FIG. 1 shows the relationship between the amount of Mo added to a 17Cr alloy (manufactured by vacuum melting) to which Si, Al, and the like are not added, and the amount of addition of Mo to high-temperature salt damage, that is, the amount of high-temperature salt corrosion thinning.

High-temperature salt damage thinning is an index of high-temperature salt damage, and refers to the thickness of thinning under the following conditions that simulates that a car actually runs on a road surface on which antifreeze has been sprayed. (Mm / 40 cycles).

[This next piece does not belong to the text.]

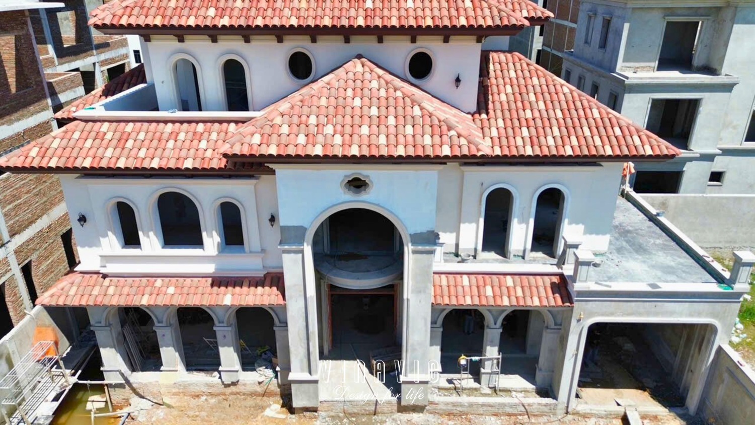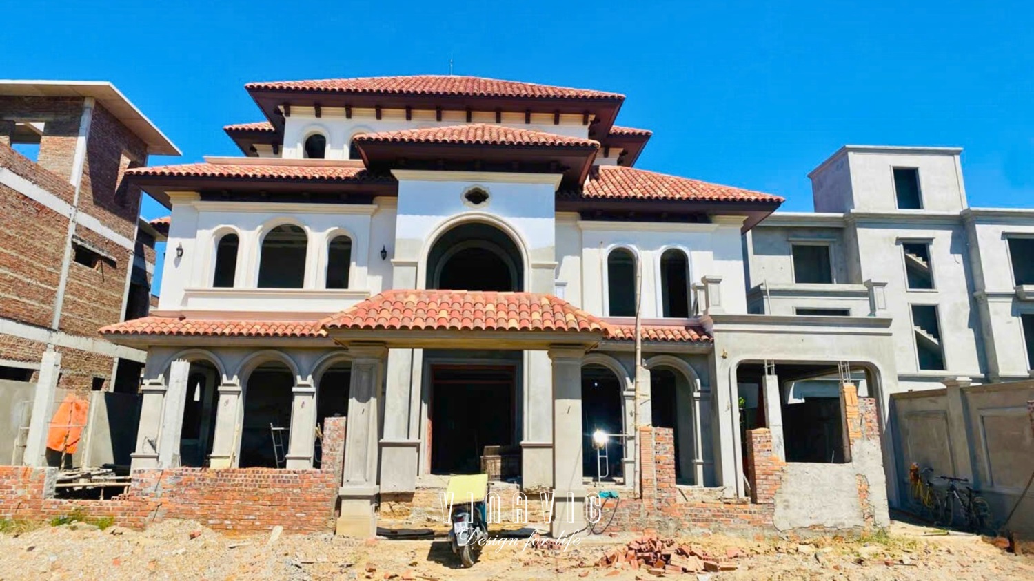 Công trình dần thành hình, bám sát bản vẽ từ bố cục kiến trúc, hệ mái, tông màu đến từng chi tiết phào chỉ. Mọi yếu tố từ hình khối, vật liệu cho tới màu sắc đều được thực hiện chuẩn xác – giữ trọn thần thái sang trọng và đẳng cấp như thiết kế ban đầu.

(1) Immerse the material in saturated saline for 5 minutes.

(2) Heat to 700 ° C and hold for 120 minutes.

(3) Air-cool for 5 minutes.

(4) Repeat the above 40 times.

As shown in FIG. 1, the present inventor can reduce the wall thickness by about half by adding 0.4% by weight of Mo as compared with the case where Mo is not added, and further, by adding 1.5% by weight. By doing so, it was confirmed that the thickness could be reduced to about 1/5. In ferritic stainless steel,
This property of Mo was a completely new finding for the inventors.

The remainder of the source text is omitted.